Zylos LogoZylos
2026-05-21

Stacked PR Workflows for AI Agent Collaboration

gitpull-requestsai-agentscode-reviewworkflowdevops

Executive Summary

AI coding agents can generate substantial amounts of code in very short bursts — which means the bottleneck quickly becomes human review bandwidth, not generation speed. Stacked pull requests (stacked PRs) address this by decomposing large diffs into a chain of small, focused, independently-reviewable units. When combined with git worktrees for parallel agent isolation, stacked PRs form the structural backbone of maintainable AI-assisted development workflows.

What Are Stacked PRs?

A stacked PR is a pull request that targets not main, but the branch of the PR below it in an ordered chain.

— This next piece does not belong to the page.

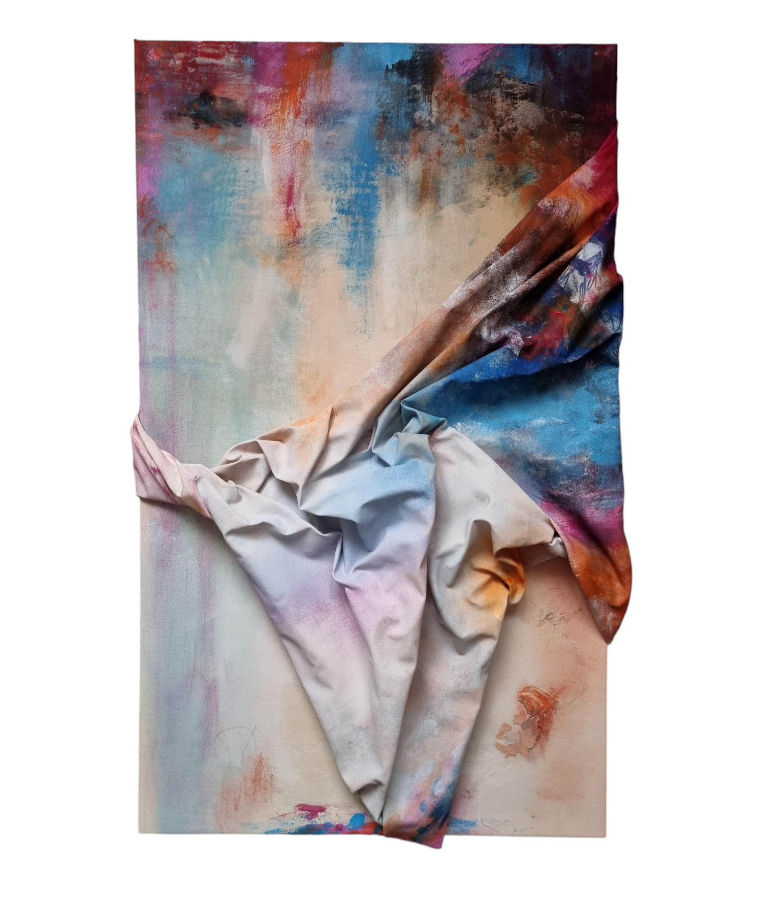 Acrilico su tela di cotone scolpita e montata su tavola di legno
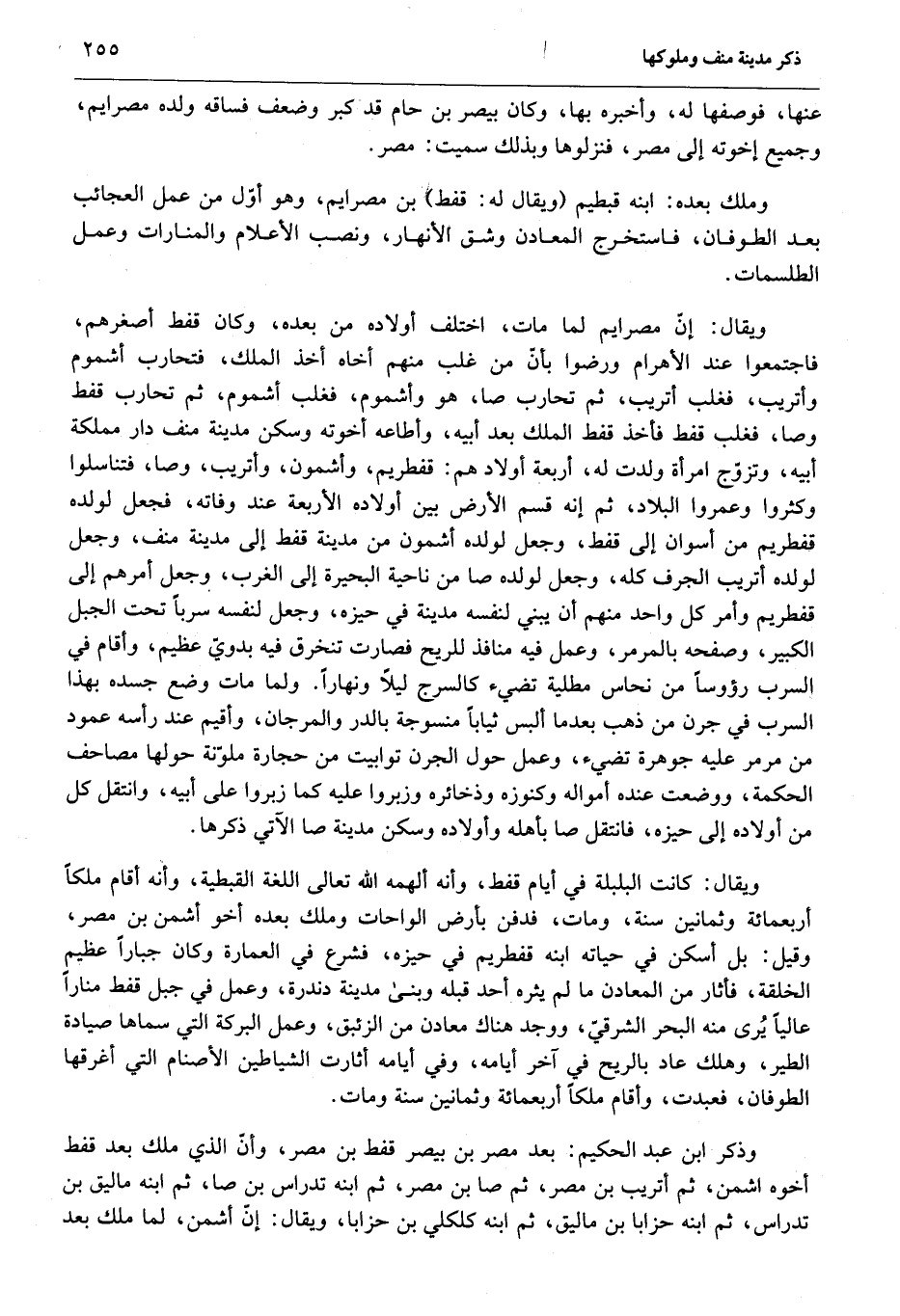 ويقال: كانت البلبلة في أيام قفط، وأنه ألهمه الله تعالى اللغة القبطية، وأنه أقام ملكا أربعمائة وثمانين سنة، ومات، فدفن بأرض الواحات وملك بعده أخو أشمن بن مصر، وقيل: بل أسكن في حياته ابنه قفطريم في حيزه، فشرع في العمارة وكان جبارا عظيم الخلقة، فأثار من المعادن ما لم يثره أحد قبله وبنى مدينة دندرة، وعمل في جبل قفط منارا عاليا يرى منه البحر الشرقيّ، ووجد هناك معادن من الزئبق، وعمل البركة التي سماها صيادة الطير، وهلك عاد بالريح في آخر أيامه، وفي أيامه أثارت الشياطين الأصنام التي أغرقها الطوفان، فعبدت، وأقام ملكا أربعمائة وثمانين سنة ومات.

Each PR in the stack represents one logical unit of change — it can be reviewed independently and makes sense on its own. Merging happens bottom-to-top: PR #1 merges into main, then PR #2 retargets main, and so on, cascading upward.

Key metrics that motivate the approach

  • PRs with 200–400 lines have 40% fewer defects than larger ones (analysis of 1.5M PRs from top engineering teams)
  • Small PRs (<200 lines) get approved 3× faster
  • Reviewers lose context and feedback quality drops on large PRs — stacked PRs let each reviewer focus on one coherent piece

Merge strategy constraint

One critical limitation: you cannot use squash-and-merge on intermediate PRs in a stack. Squash merge rewrites commit history, breaking the commit references downstream PRs depend on. Use regular merge commits for all except the final PR.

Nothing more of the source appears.